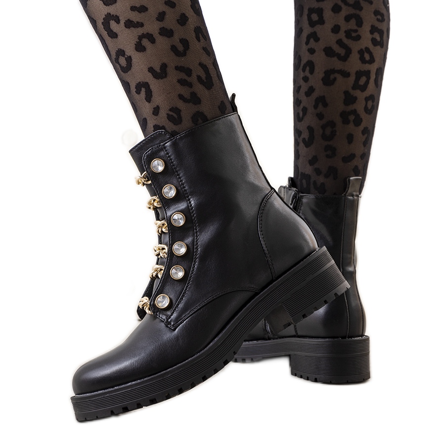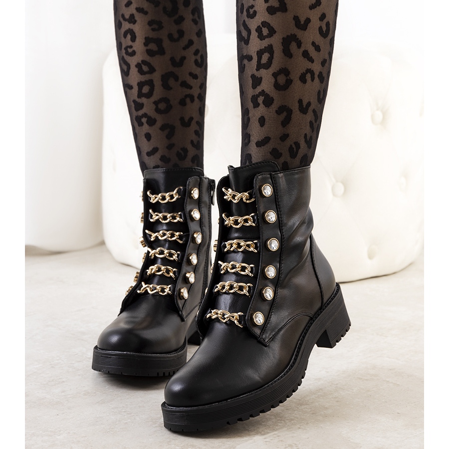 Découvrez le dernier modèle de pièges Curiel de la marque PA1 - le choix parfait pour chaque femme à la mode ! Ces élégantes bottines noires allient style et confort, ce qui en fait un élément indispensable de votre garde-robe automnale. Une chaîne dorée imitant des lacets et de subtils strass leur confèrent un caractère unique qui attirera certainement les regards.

________________________

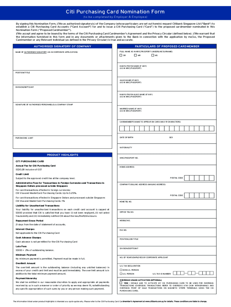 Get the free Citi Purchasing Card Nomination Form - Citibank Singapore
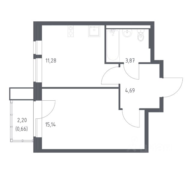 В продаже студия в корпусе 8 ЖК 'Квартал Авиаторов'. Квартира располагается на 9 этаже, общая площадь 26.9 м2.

________________________

Copy the lines above between the one holding "Get the free" and the one holding "В продаже студия", inclusive. Drop the pictures.

 Get the free Citi Purchasing Card Nomination Form - Citibank Singapore
 В продаже студия в корпусе 8 ЖК 'Квартал Авиаторов'. Квартира располагается на 9 этаже, общая площадь 26.9 м2.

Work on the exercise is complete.